Suarez’s wish was inspired by a tweet from Bitcoin-bull Anthony Pompliano, who made a post posing the question, which U.S politician would be the first to accept their salary in Bitcoin?

Over the last few years, Pompliano has been a central figure in driving Bitcoin adoption forward. The path to which would involve workers being paid in $BTC.

Many sports stars have opted to go this route as well, but this still isn’t a mandate that’s fully approved by leagues, or in Suarez’s case, the City of Miami.

NFL players taking a salary in Bitcoin

In December 2020, Russell Okung, then an offensive tackle for the Carolina Panthers, opted to get half his $13 million salary in Bitcoin, making him the first NFL player to do this.

Speaking on why, Okung demonstrated that he’s wise to the ways of the world by saying being paid in Bitcoin is a way to counter the “corrupt, manipulated economy we all inhabit.”

“The way money is handled from creation to dissemination is part of that power. Getting paid in bitcoin is the first step of opting out of the corrupt, manipulated economy we all inhabit.”

Since then, other sports stars have also followed Okung’s lead. For example, Sean Culkin, a former tight end at the Kansas City Chiefs, became the first NFL player to take 100% of his salary in Bitcoin.

And more recently, Aaron Rodgers, quarterback for the Green Bay Packers, said he’s taking a proportion of his salary in $BTC as part of a promo with Cash App.

It’s not just $BTC that’s in the mix. Tom Brady, the quarterback for the Tampa Bay Buccaneers, said he’s open to getting paid in Ethereum or Solana, as well as Bitcoin.

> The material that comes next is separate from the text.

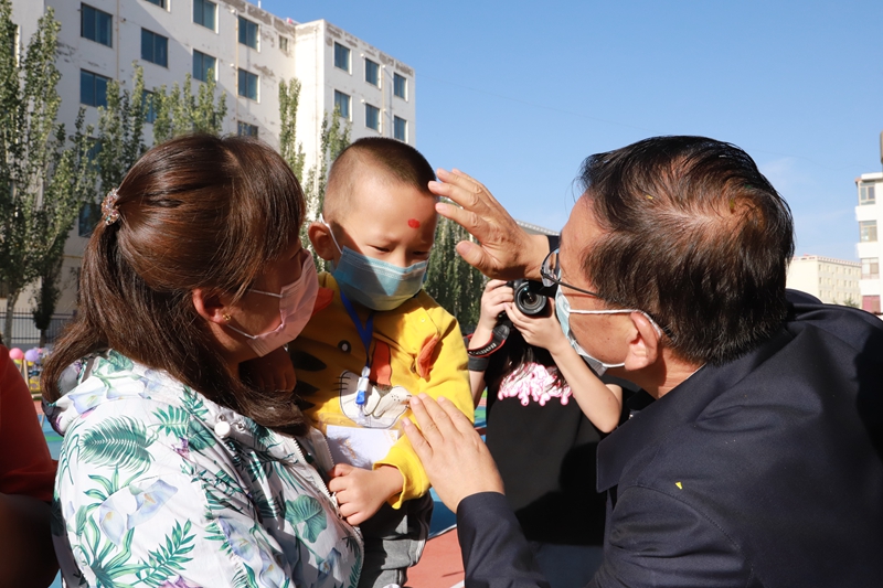 与会嘉宾依次为幼儿朱砂启智—开笔增智—击鼓传智,祈愿宝宝眼明心亮,礼润人生,从今启蒙。这些寓意深远的传统文化,寄寓着师者仁心的美好愿望,希望小朋友快乐成长、健康幸福,每天都像花儿一样开放,像阳光一样灿烂,开心快乐度过每一天。市教育局副局长陶英江为幼儿园切糕开园。

However, the NFL isn’t on board with these deals. Speaking about Okung, an NFL spokesman said all players still get paid in U.S dollars. It’s just that, in the case of Okung, Strike (formerly Zap) is the third party that converts dollars to Bitcoin after Okung gets paid.

Meaning, whatever players do with their dollar salaries after getting paid isn’t anything to do with the NFL.

Suarez set to be the first U.S politician to get paid in $BTC

Responding to Suarez’s intention, Pompliano moved the issue forward by calling on Strike CEO Jack Mallers to make things happen.

@Sarasti also chimed in, saying he’s already set things off by registering with Strike. He added that he’s already getting paid a proportion of his salary in Bitcoin, which has worked out “flawlessly” for him.

Already sent over @ln_strike link to register. My experience receiving a portion of my pay last week went flawlessly. And Mayor already scaling my "pilot" to 💯 allocation. Boss move.— Mike Sarasti (@Sarasti) November 2, 2021

However, the real watershed moment comes when employers pay employees directly in Bitcoin. While Suarez will get his next paycheck in Bitcoin, this is still actioned after he gets paid in dollars.

Without policy change at the employer level enabling direct Bitcoin salary payments, this is merely a showboating gesture, albeit one that’s a step in the right direction.